> _Raw data_
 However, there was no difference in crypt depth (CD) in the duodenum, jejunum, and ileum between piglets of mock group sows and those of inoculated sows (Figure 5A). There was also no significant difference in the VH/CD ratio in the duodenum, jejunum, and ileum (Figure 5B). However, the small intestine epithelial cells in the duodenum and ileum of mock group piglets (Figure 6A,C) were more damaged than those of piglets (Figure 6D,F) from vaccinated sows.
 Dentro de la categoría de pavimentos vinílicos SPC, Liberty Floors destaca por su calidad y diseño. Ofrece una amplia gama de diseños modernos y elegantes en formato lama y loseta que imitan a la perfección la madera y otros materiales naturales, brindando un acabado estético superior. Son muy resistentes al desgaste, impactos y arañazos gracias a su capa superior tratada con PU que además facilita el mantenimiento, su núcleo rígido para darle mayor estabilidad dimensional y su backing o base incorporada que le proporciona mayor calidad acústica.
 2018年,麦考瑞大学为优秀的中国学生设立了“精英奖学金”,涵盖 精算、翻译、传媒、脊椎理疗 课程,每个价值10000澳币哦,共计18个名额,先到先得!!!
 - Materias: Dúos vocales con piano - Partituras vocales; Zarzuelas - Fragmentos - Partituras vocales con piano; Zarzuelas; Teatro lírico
* * *
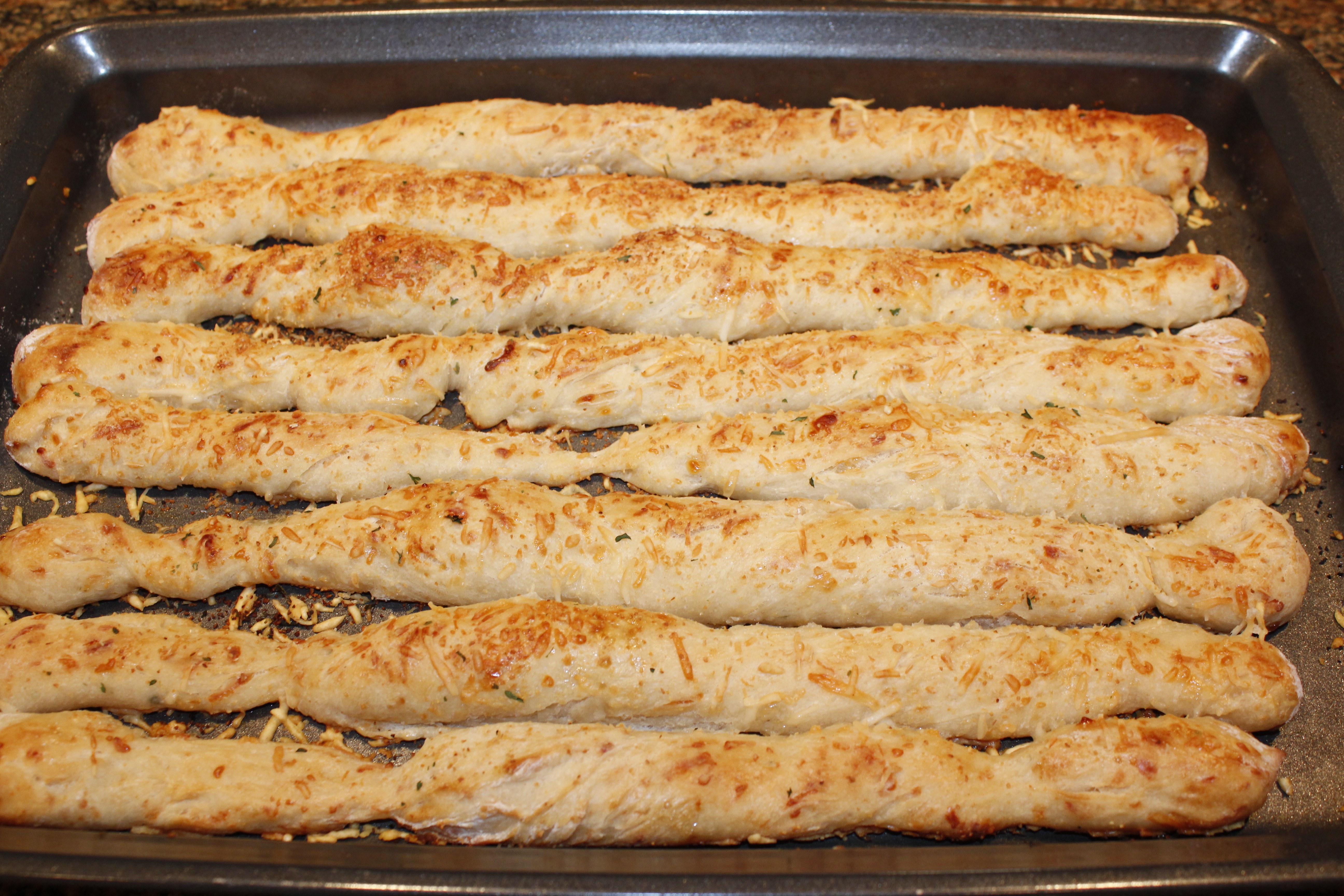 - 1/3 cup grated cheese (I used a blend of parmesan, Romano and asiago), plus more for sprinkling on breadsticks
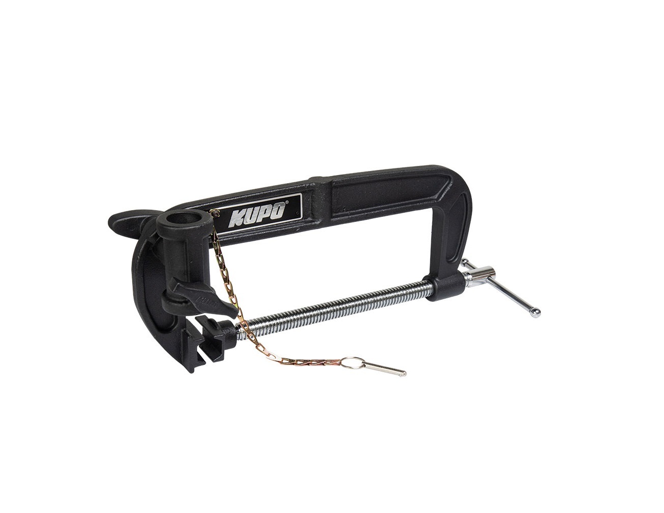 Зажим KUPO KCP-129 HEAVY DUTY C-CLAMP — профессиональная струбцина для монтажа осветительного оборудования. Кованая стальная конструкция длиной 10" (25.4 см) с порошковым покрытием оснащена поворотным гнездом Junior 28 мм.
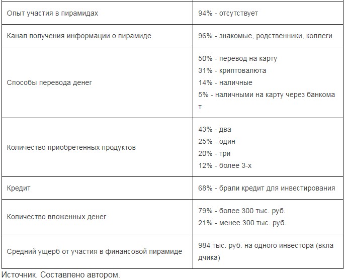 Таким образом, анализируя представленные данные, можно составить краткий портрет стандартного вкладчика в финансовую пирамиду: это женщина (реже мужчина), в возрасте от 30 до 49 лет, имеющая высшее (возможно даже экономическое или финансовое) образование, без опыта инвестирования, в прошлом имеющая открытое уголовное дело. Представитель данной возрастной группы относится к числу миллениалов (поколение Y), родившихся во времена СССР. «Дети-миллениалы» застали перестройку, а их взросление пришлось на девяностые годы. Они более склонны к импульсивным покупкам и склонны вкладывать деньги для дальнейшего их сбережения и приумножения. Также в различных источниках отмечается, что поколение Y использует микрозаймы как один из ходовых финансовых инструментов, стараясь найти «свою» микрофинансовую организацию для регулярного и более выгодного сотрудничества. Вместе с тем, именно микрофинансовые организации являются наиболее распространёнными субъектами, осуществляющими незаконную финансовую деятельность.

> _Exercise_
Among the entries above, find the line with "However, there was" and the line with "- Materias: Dúos"; give again exactly these two lines and all lines between them.

> _Answer area_
 However, there was no difference in crypt depth (CD) in the duodenum, jejunum, and ileum between piglets of mock group sows and those of inoculated sows (Figure 5A). There was also no significant difference in the VH/CD ratio in the duodenum, jejunum, and ileum (Figure 5B). However, the small intestine epithelial cells in the duodenum and ileum of mock group piglets (Figure 6A,C) were more damaged than those of piglets (Figure 6D,F) from vaccinated sows.
 Dentro de la categoría de pavimentos vinílicos SPC, Liberty Floors destaca por su calidad y diseño. Ofrece una amplia gama de diseños modernos y elegantes en formato lama y loseta que imitan a la perfección la madera y otros materiales naturales, brindando un acabado estético superior. Son muy resistentes al desgaste, impactos y arañazos gracias a su capa superior tratada con PU que además facilita el mantenimiento, su núcleo rígido para darle mayor estabilidad dimensional y su backing o base incorporada que le proporciona mayor calidad acústica.
 2018年,麦考瑞大学为优秀的中国学生设立了“精英奖学金”,涵盖 精算、翻译、传媒、脊椎理疗 课程,每个价值10000澳币哦,共计18个名额,先到先得!!!
 - Materias: Dúos vocales con piano - Partituras vocales; Zarzuelas - Fragmentos - Partituras vocales con piano; Zarzuelas; Teatro lírico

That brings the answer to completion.